▶ **Brief**
Each line from the top of the listing through the one holding "<번개페이 구매 및 판매 한도>" should be restated word for word, with nothing added and no pictures.

═════ Records

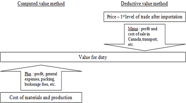 Both methods, and indeed all the methods set forth in the Act, are aimed at the same goal: determining the value of the goods at the time of their importation. What distinguishes the DVM and the CVM is their opposite starting points, as illustrated in the following diagram:
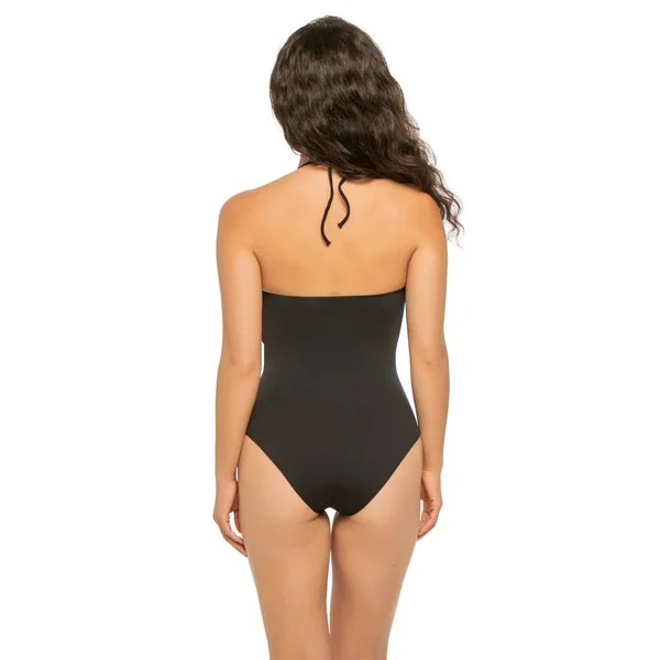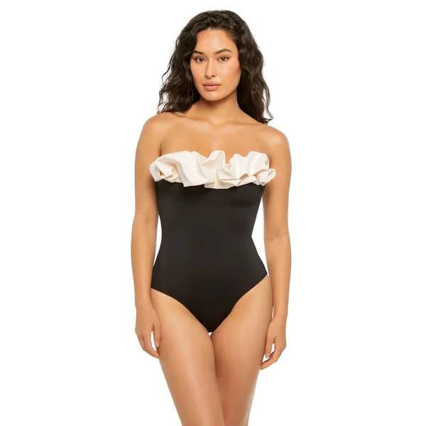 One piece swimsuit features ruffle neckline, removable halter strap, and cheeky bottom coverage.
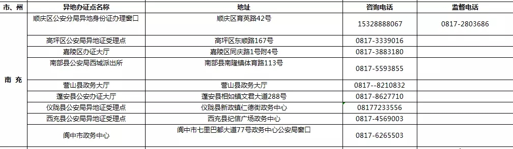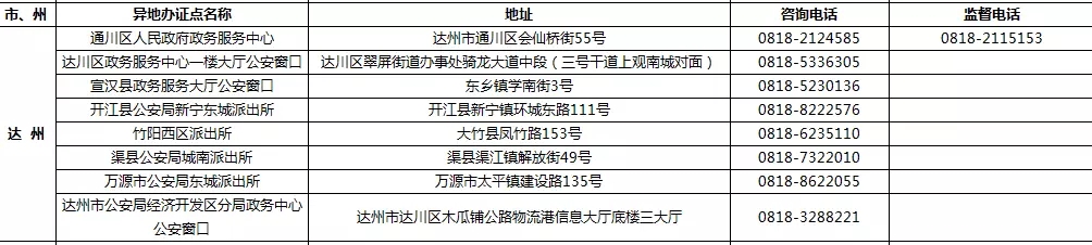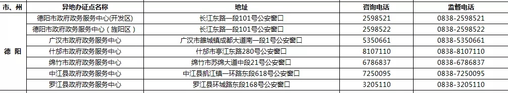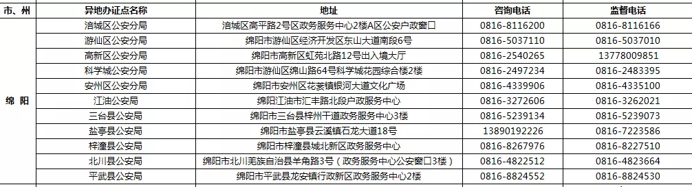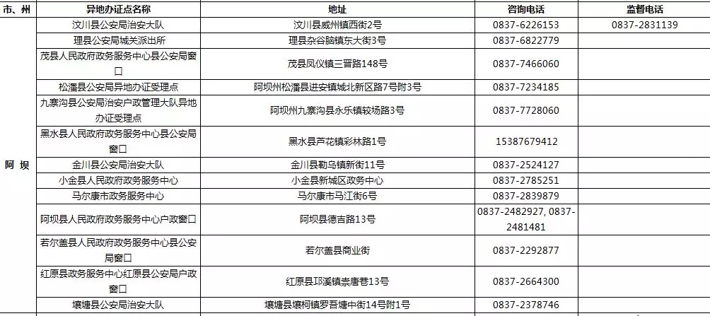 四川省港澳臺居民居住證受理點名稱、地址,咨詢及監(jiān)督電話:
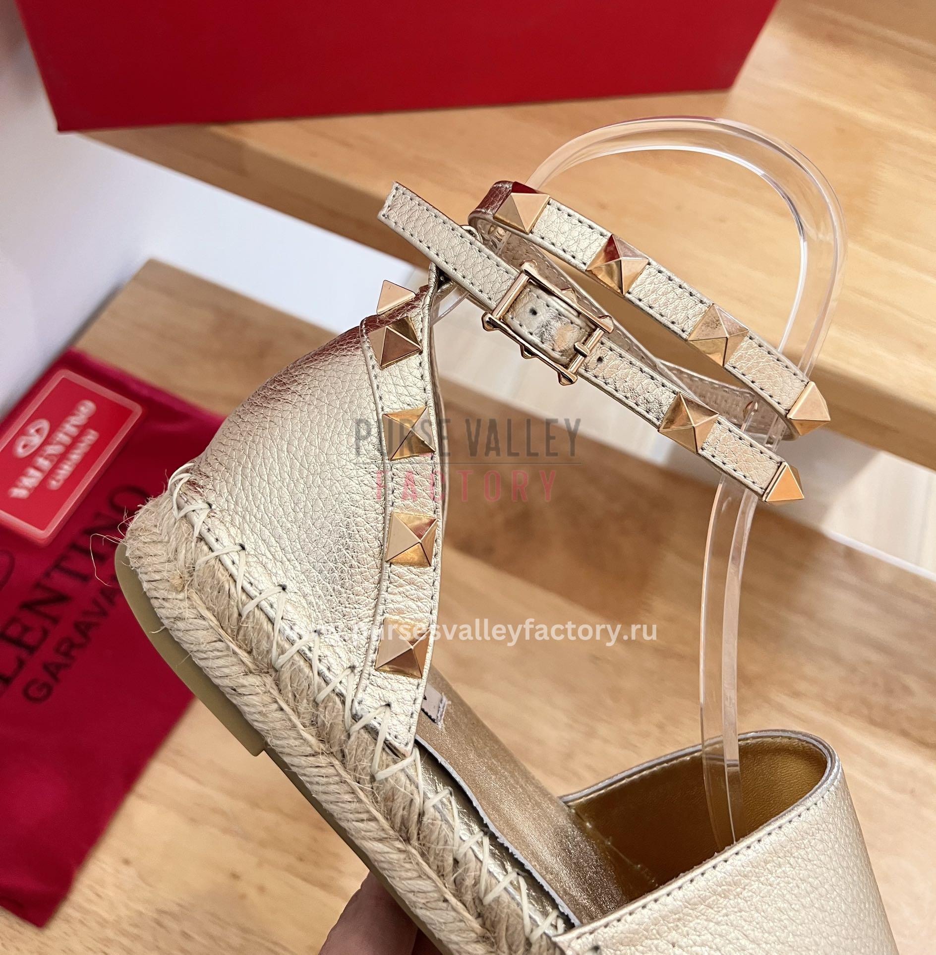 • EXTERIOR: Gold leather upper jute and rubber sole, Valentino Garavani logo embossed on heel
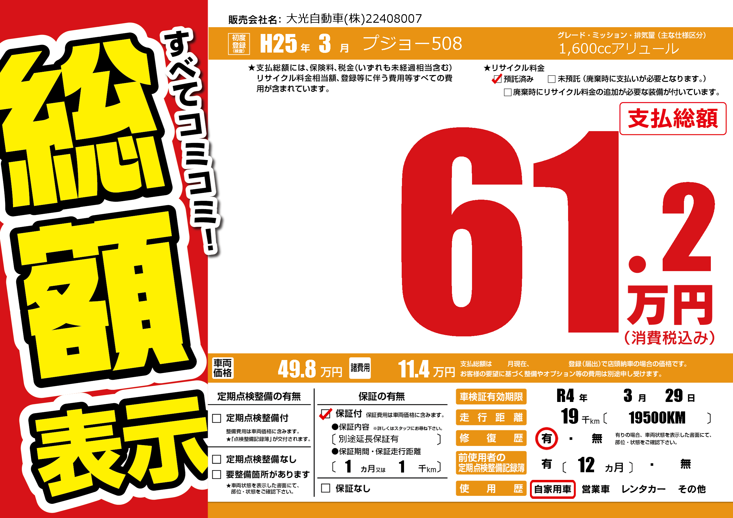なし | 車検制限 | R4年3月29月 |
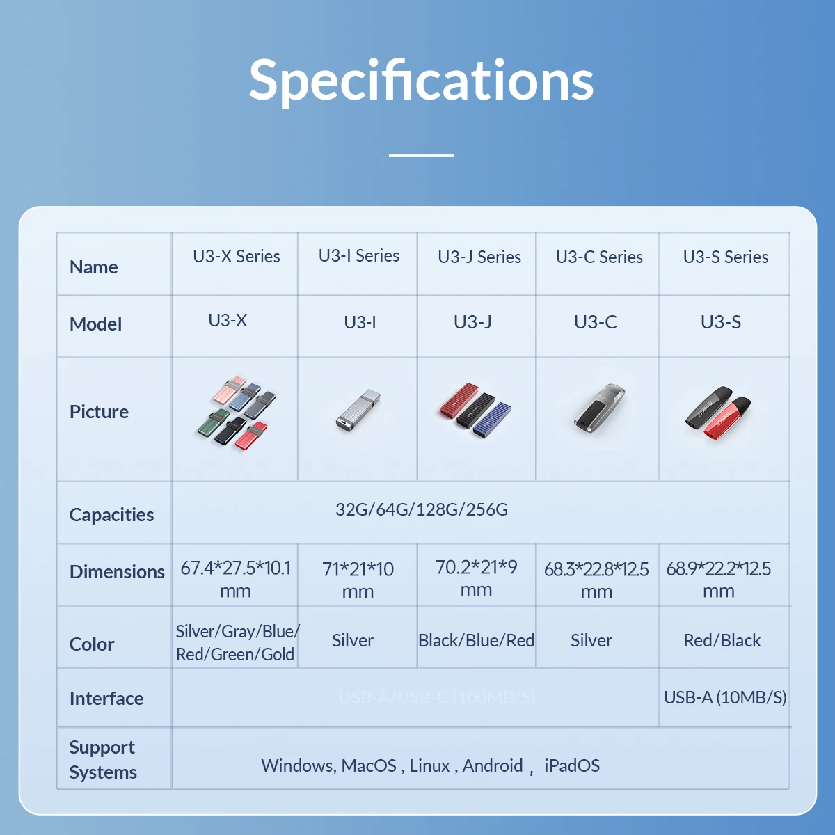 Comprar ORICO-unidad Flash USB 3,2, Pendrive de 32GB, 64GB, 128GB, 256GB, Mini Pendrive de Metal para dispositivos tipo C
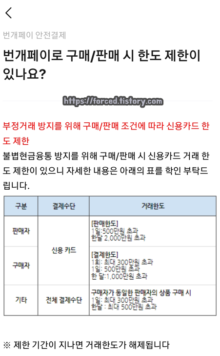 <번개페이 구매 및 판매 한도>
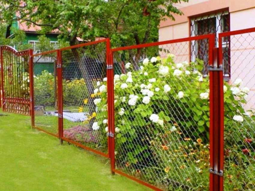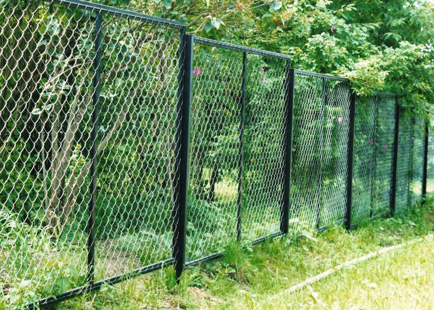 Anda boleh memberikan pagar yang lebih kemas dan rapi jika anda membentuknya dari kerangka pada bingkai logam, di mana jala diregangkan. Bingkai dikimpal dari sudut logam atau paip profil. Reka bentuk ini lebih tahan lama dan menyenangkan secara estetik. Kadang-kadang, untuk memberi pagar pemandangan yang indah, bahagiannya dicat dengan pelbagai warna terang.
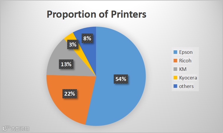 The number of printer with Epson is the largest, accounting for 54%.
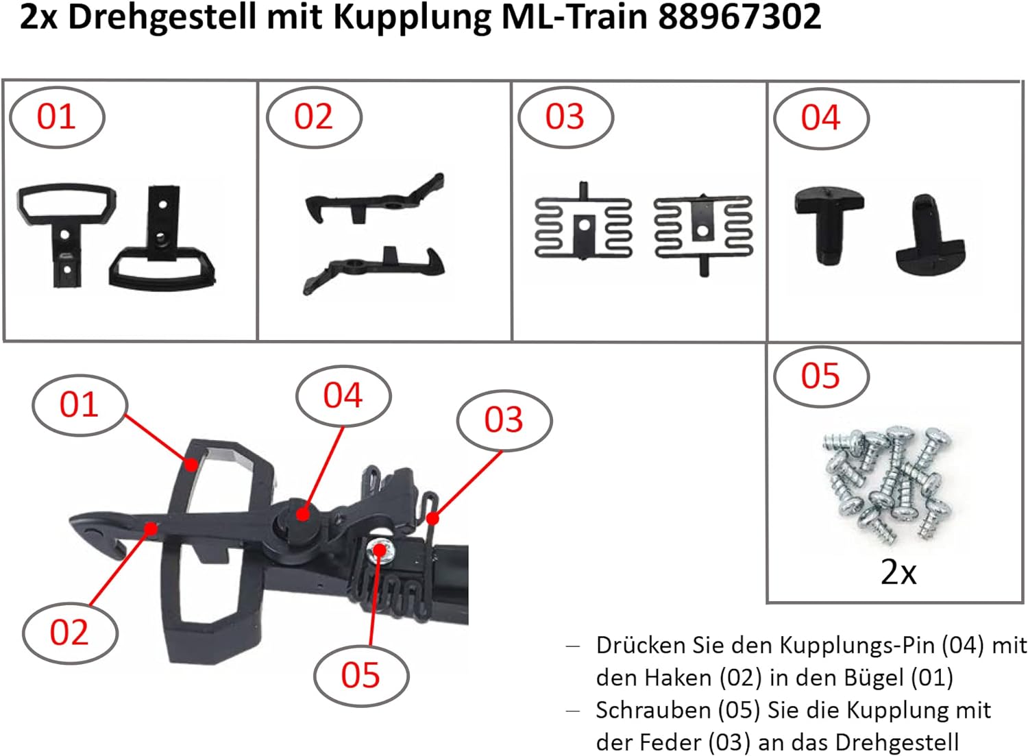 - UNMONTIERT: Das Set besteht aus Drehgestellträgern, Radsätzen, Kupplungsteilen und passenden Schrauben. Es wird in Einzelteilen als unmontierter Bausatz geliefert.
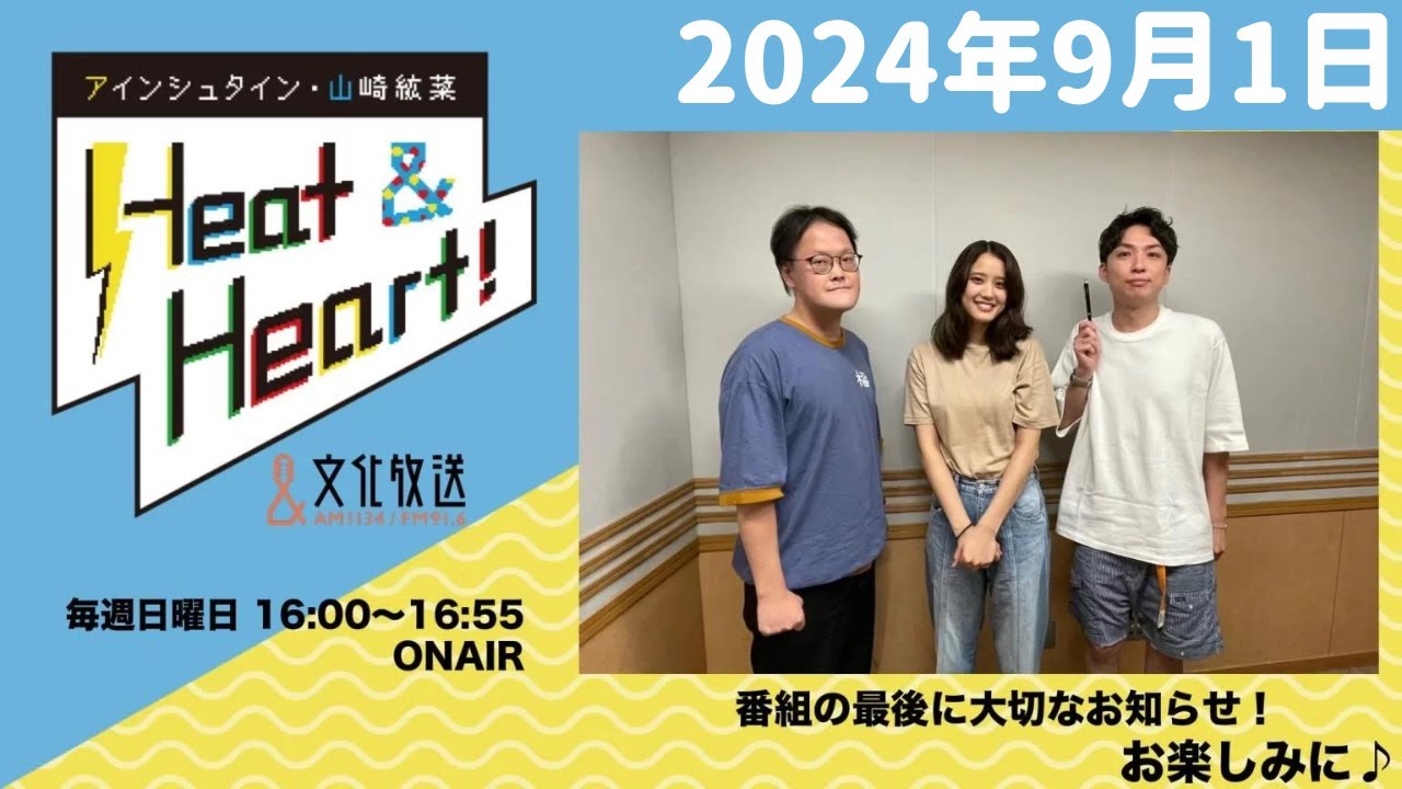 アインシュタイン・山崎紘菜 Heat&Heart! 2024年9月1日 『アインシュタイン・山崎紘菜 Heat&Heart!』2024年9月1日(日) ▼パーソナリティ アインシュタイン(稲田直樹・河井ゆずる)・山崎紘菜 #アインシュタイン #ラジオ actressRadio chアインシュタインアインシュタイン・山崎紘菜 Heat&Heart!ラジオ女優山崎紘菜 Write A Commentコメントを投稿するにはログインしてください。
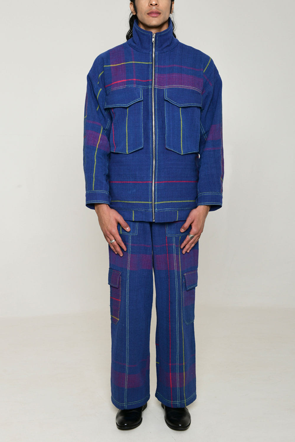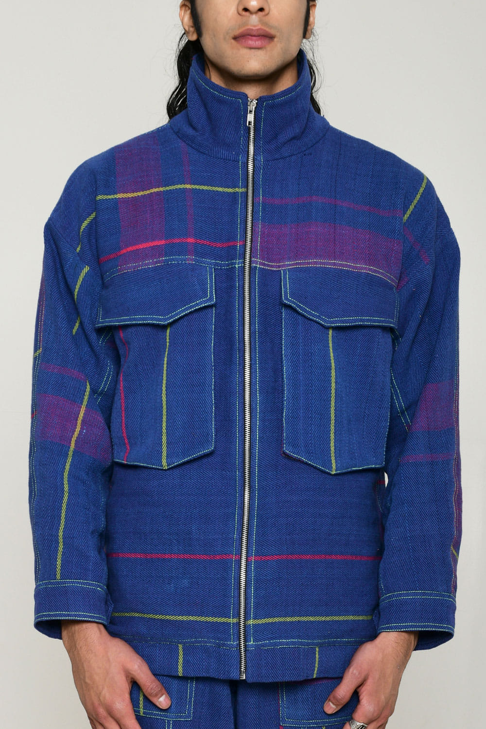 Rias Jaipur designs this timeless shacket handwoven in recycled cotton with multicolour weft technique featuring pockets and zip detailing. Style it with denim jeans and a turtle neck top. The pants here are shown for styling purposes only. Kindly note that the product is unisex.
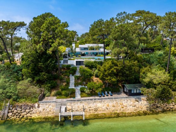 Au Cap Ferret cette splendide villa vue bassin les pieds dans l’eau est en location saisonnière juillet et août
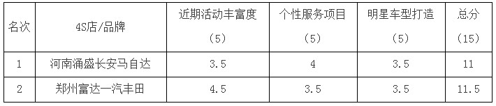 按照慣例,還是從排名倒數(shù)第一(黑榜第一名):河南涌盛長安馬自達4S店,不過11分已經(jīng)是不錯的成績了,只怪其他店整體水平太高,就認慫吧~
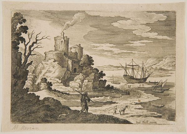 Editor: Here we have Giampiccoli's "Harbour," a black and white print from the 18th century. I'm struck by the contrast between the serene landscape and the bustling activity near the shore. What do you see in this piece? Curator: For me, it's about the dance between decay and life. The crumbling tower juxtaposed with the lively harbor suggests a world in constant flux. A reminder that even in ruin, there's a strange, beautiful sort of progress. Doesn't it feel that way to you? Editor: It really does. There's a sense of constant movement, even in the stillness. Curator: Exactly. Maybe it's a mirror to our own journeys – embracing the chaos, finding beauty in the imperfect. Editor: Thank you, I hadn’t thought of it that way before.
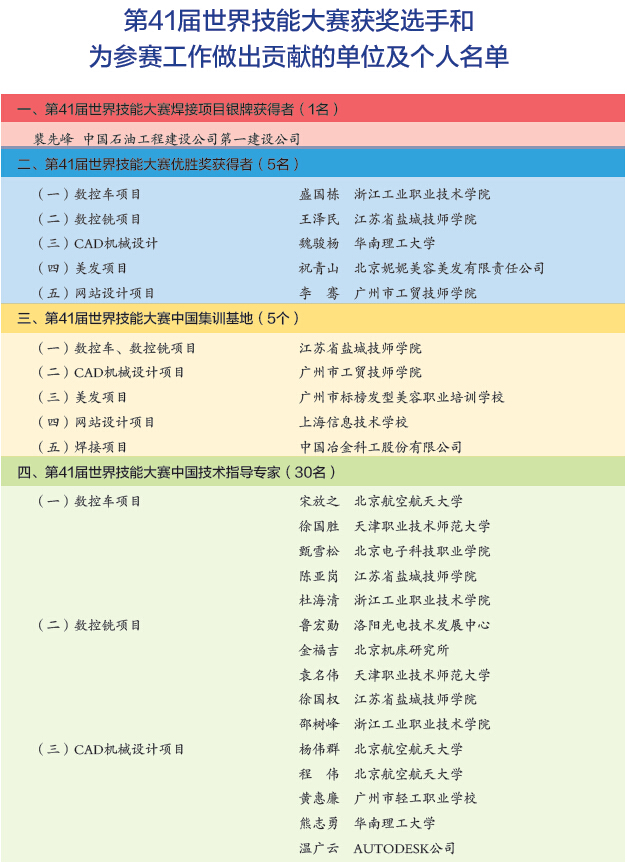 附件:第41届世界技能大赛获奖选手和为参赛工作做出贡献的单位及个人名单

══════════

▶ **Completed exercise**
 Both methods, and indeed all the methods set forth in the Act, are aimed at the same goal: determining the value of the goods at the time of their importation. What distinguishes the DVM and the CVM is their opposite starting points, as illustrated in the following diagram:
 One piece swimsuit features ruffle neckline, removable halter strap, and cheeky bottom coverage.
 四川省港澳臺居民居住證受理點名稱、地址,咨詢及監(jiān)督電話:
 • EXTERIOR: Gold leather upper jute and rubber sole, Valentino Garavani logo embossed on heel
なし | 車検制限 | R4年3月29月 |
 Comprar ORICO-unidad Flash USB 3,2, Pendrive de 32GB, 64GB, 128GB, 256GB, Mini Pendrive de Metal para dispositivos tipo C
 <번개페이 구매 및 판매 한도>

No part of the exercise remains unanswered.